Last year, Jacobs rode coast-to-coast in 35 days of cycling.
“On the cross-country ride I actually gained a couple of pounds, by eating pretty much all the time, both on and off the bike,” he said.
A moderate, thoughtful approach to fueling and training — in addition to eating well and in a balanced fashion, Jacobs most weeks gets in a 60- to 70-mile bike ride, plus mixes in some shorter outings and workouts at the gym.
You can’t control every variable in bike racing, however, and one thing about racing up to the Blue Ridge Parkway is that you never know quite what the weather is going to bring. Last year, Jacobs bailed out at Balsam Gap and took a back way back to town. It started raining, and several racers became hypothermic, forcing rangers to shut the parkway to them for safety reasons.
“That’s just the risk you take,” Jacobs said.
A marketing event
CeCe Hipps, executive director of the Haywood Chamber of Commerce, said the rest stops are supplied with ponchos, trash bags and newspapers (good for stuffing inside those thin racing outfits and cutting the wind). The ponchos and trash bags will be there, she said, if like last year rain pours on riders in the Blue Ridge Breakaway.
“These stops are an oasis in the desert,” Hipps said, adding that six to eight volunteers will staff each rest stop.
“It is very detailed to put on,” she said. “A lot of logistics are involved with this.”
Despite the bad weather last year, racers’ after-race reviews were overwhelmingly positive, Hipps said.
That’s important, not only because you want racers to enjoy the event, but because Blue Ridge Breakaway is also serving to market the region.
“If they have a good experience, this will be a special place in their minds,” Hipps said in explanation.
Typically, August is a fairly slow month for tourism and visitation in Haywood County. That’s why the chamber targeted a road-bike event for this time of year, Hipps said.
“It’s a passion for these people,” she said of the racers. “And many are of a generation who have means, and disposable income.”
Calculating that the bikers drive approximately two hours to participate in Blue Ridge Breakaway, they’ll probably opt to spend the night, she said (it’s no fun trying to drive home after cycling more than 100 miles). Roughly speaking, the chamber expects each racer to drop about $150 a day in Haywood County.
As of Monday, 270 people had signed up for the ride, double the pace of entrees as of a week out last year. There were 300 total participants last year, with as many as 500 expected this year.
What to expect on race day, Aug. 20
• The routes goes from Lake Junaluska through Jonathan Creek, on to Fines Creek, then back through Clyde.
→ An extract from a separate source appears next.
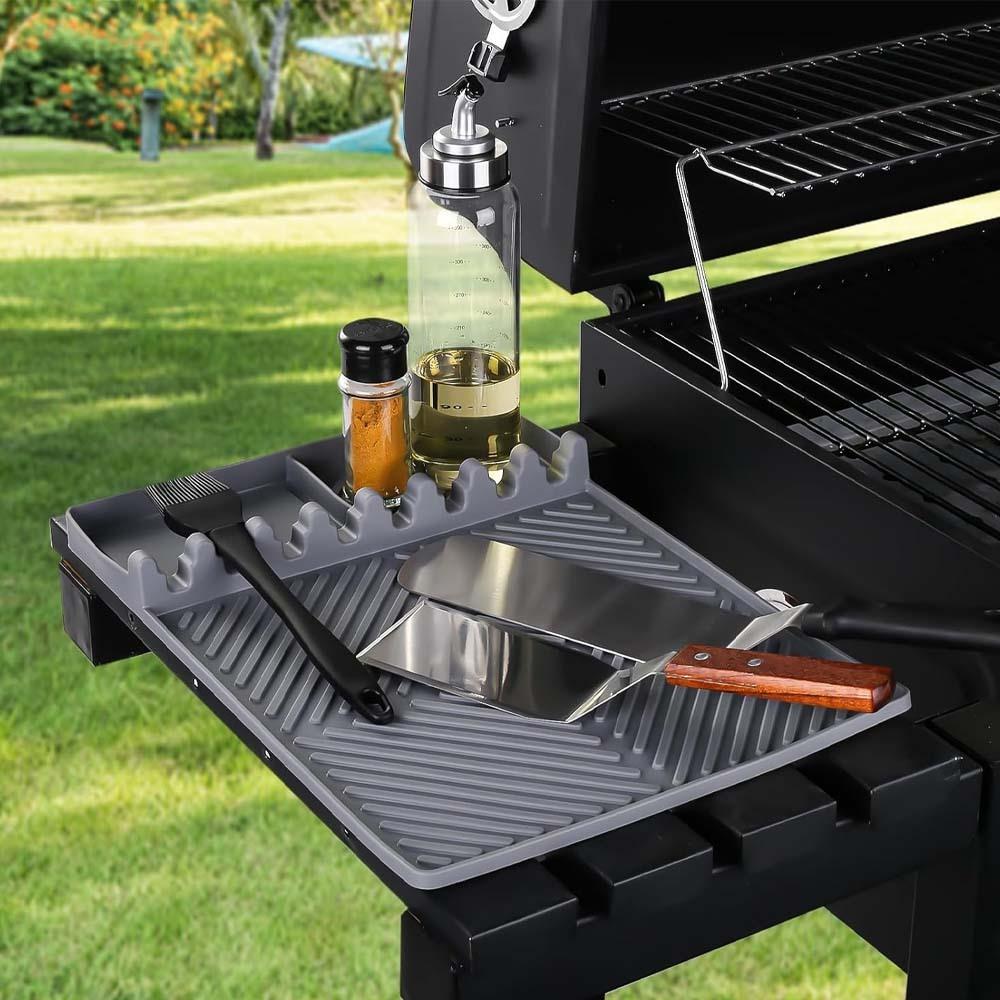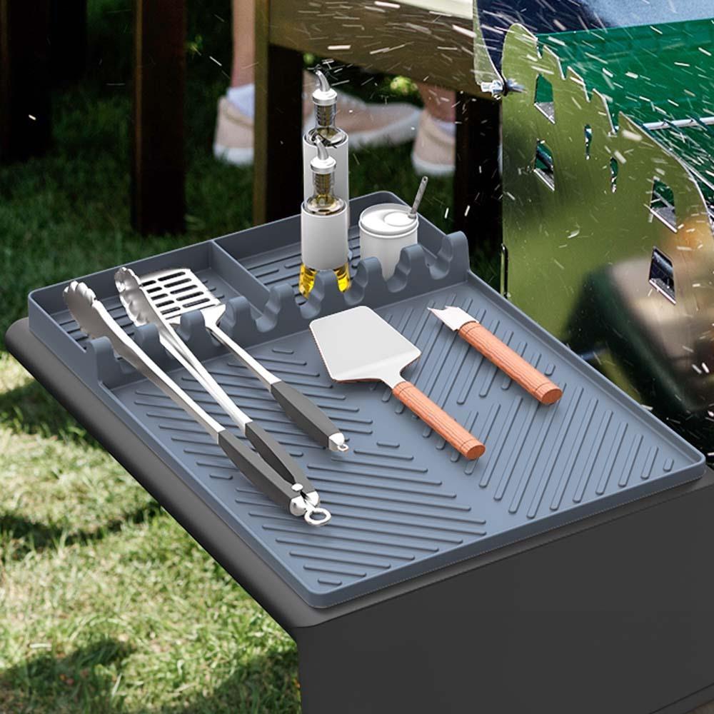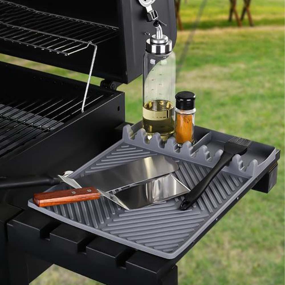 Při grilování je důležité mít vše přehledně uspořádané a snadno dostupné. Tato silikonová podložka nabízí dostatek prostoru pro kleště, obracečky i další pomůcky. Speciální přihrádky umožňují uložit oleje nebo koření a mít je přímo po ruce. Nemusíte tak neustále odbíhat pro potřebné věci. Vše máte připravené přesně tam, kde to potřebujete.

From there, metric-century and century riders go through Bethel, Sunburst Trout Farm and past Lake Logan. One hundred-mile riders climb all the way to the Blue Ridge Parkway and then stay on it until Soco Gap, descending through Maggie Valley and back to Lake Junaluska. If you’re in an automobile in these areas on Saturday, Aug. 20, please keep an eye out for cyclists.
• The Blue Ridge Breakaway starts at 7:30 a.m. Please be careful of riders if you are in the Lake Junaluska-Jonathan Valley area at that time, as large groups of riders will be on the road together to start the ride.
• Riders may register on Saturday, Aug. 20, from 6-6:30 a.m. at Lake Junaluska.